The task ::
Begin at the line containing "9 Pieces extra" in the entries below and end at the line containing "12月12日,在新京報零碳研"; transcribe that range exactly and nothing outside it.

*** Opening of Source information ***

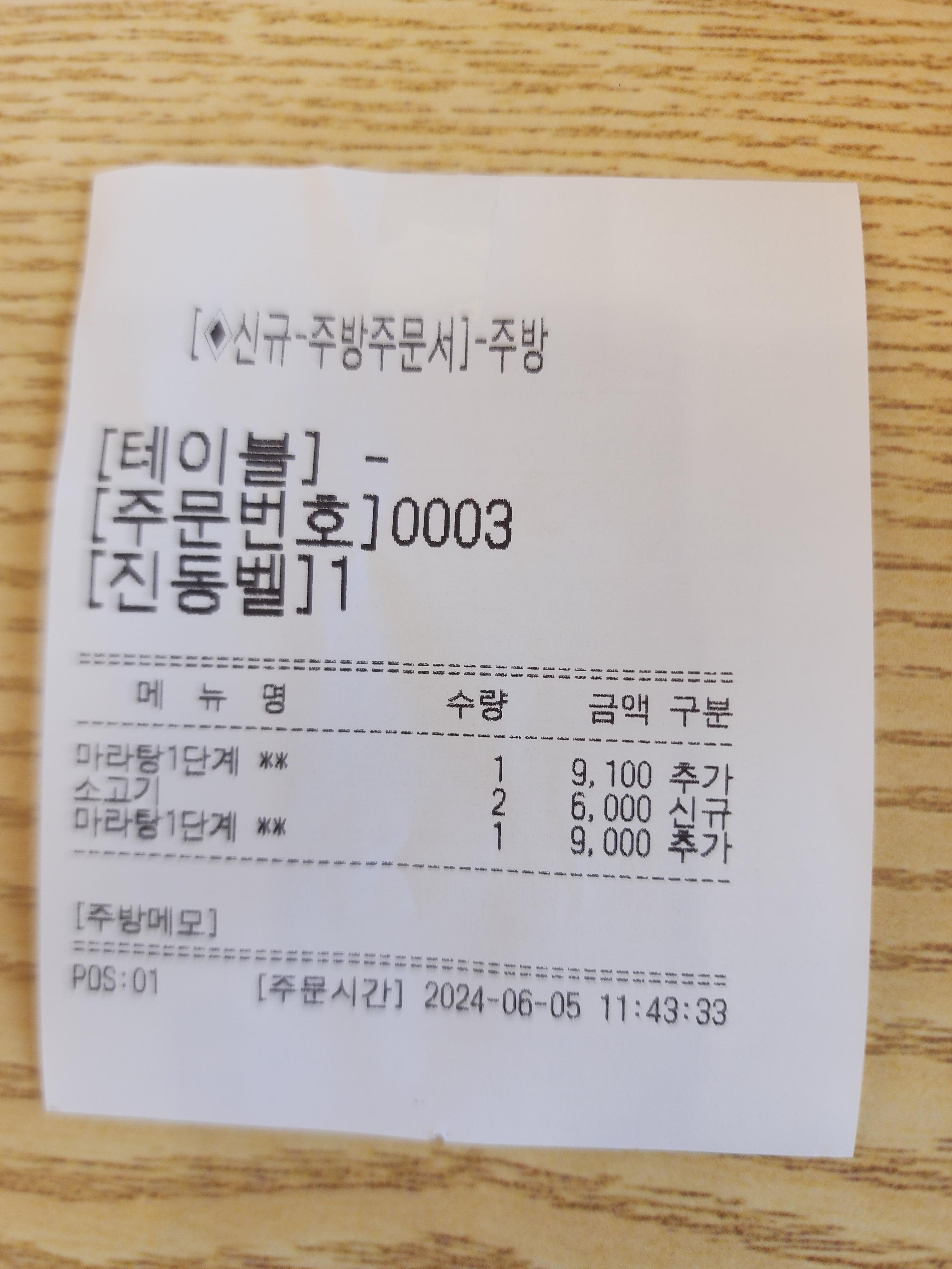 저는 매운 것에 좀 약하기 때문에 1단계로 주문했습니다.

*** Close of Source information ***
*** Opening of Source information ***

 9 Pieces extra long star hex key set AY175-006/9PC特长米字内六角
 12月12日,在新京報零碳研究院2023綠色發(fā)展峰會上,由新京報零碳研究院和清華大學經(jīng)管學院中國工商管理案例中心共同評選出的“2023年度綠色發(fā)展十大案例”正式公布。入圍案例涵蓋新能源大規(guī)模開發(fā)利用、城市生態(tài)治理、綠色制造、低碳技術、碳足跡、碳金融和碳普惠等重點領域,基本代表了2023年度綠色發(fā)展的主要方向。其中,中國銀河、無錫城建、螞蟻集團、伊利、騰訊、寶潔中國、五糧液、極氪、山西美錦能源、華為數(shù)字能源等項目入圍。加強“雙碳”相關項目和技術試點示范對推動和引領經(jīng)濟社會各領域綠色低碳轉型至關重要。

*** Close of Source information ***

Solved exercise ::
 9 Pieces extra long star hex key set AY175-006/9PC特长米字内六角
 12月12日,在新京報零碳研究院2023綠色發(fā)展峰會上,由新京報零碳研究院和清華大學經(jīng)管學院中國工商管理案例中心共同評選出的“2023年度綠色發(fā)展十大案例”正式公布。入圍案例涵蓋新能源大規(guī)模開發(fā)利用、城市生態(tài)治理、綠色制造、低碳技術、碳足跡、碳金融和碳普惠等重點領域,基本代表了2023年度綠色發(fā)展的主要方向。其中,中國銀河、無錫城建、螞蟻集團、伊利、騰訊、寶潔中國、五糧液、極氪、山西美錦能源、華為數(shù)字能源等項目入圍。加強“雙碳”相關項目和技術試點示范對推動和引領經(jīng)濟社會各領域綠色低碳轉型至關重要。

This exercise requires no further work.